For the material below, output exactly the span from the line with "Gary come home, Metallic" to the line with "O Colar Prateado", including both, and nothing besides.

> _EXCERPTED DATA_:
---*---
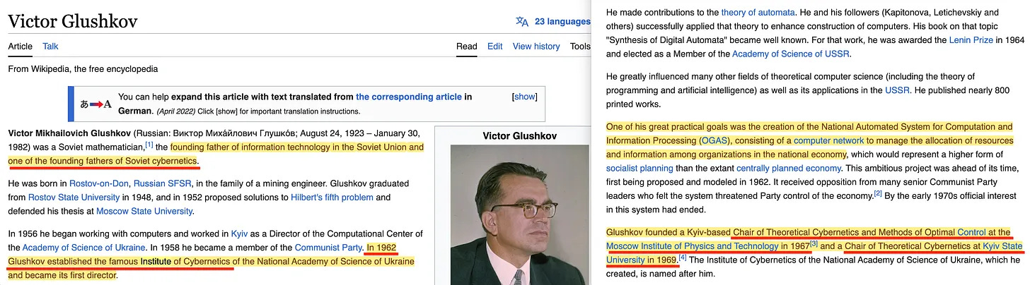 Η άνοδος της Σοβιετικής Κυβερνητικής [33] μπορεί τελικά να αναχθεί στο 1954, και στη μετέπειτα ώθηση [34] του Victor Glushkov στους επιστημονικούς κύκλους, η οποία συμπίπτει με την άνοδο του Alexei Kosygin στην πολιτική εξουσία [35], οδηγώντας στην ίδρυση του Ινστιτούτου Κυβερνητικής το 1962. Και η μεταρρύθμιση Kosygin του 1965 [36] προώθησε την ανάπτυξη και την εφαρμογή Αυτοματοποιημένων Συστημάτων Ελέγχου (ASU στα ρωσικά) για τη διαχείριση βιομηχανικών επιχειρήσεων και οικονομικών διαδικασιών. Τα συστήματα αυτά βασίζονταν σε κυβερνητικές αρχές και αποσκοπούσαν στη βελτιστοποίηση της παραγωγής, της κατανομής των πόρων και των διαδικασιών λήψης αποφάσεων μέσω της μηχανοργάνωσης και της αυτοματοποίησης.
---*---
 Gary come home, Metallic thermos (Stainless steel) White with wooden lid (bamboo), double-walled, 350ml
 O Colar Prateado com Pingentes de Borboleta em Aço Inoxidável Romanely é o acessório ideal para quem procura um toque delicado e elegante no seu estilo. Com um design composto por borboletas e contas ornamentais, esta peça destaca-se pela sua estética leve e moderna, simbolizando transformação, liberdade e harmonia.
---*---
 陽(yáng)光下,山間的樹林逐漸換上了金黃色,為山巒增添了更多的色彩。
---*---
> _EXPECTED ANSWER_:
 Gary come home, Metallic thermos (Stainless steel) White with wooden lid (bamboo), double-walled, 350ml
 O Colar Prateado com Pingentes de Borboleta em Aço Inoxidável Romanely é o acessório ideal para quem procura um toque delicado e elegante no seu estilo. Com um design composto por borboletas e contas ornamentais, esta peça destaca-se pela sua estética leve e moderna, simbolizando transformação, liberdade e harmonia.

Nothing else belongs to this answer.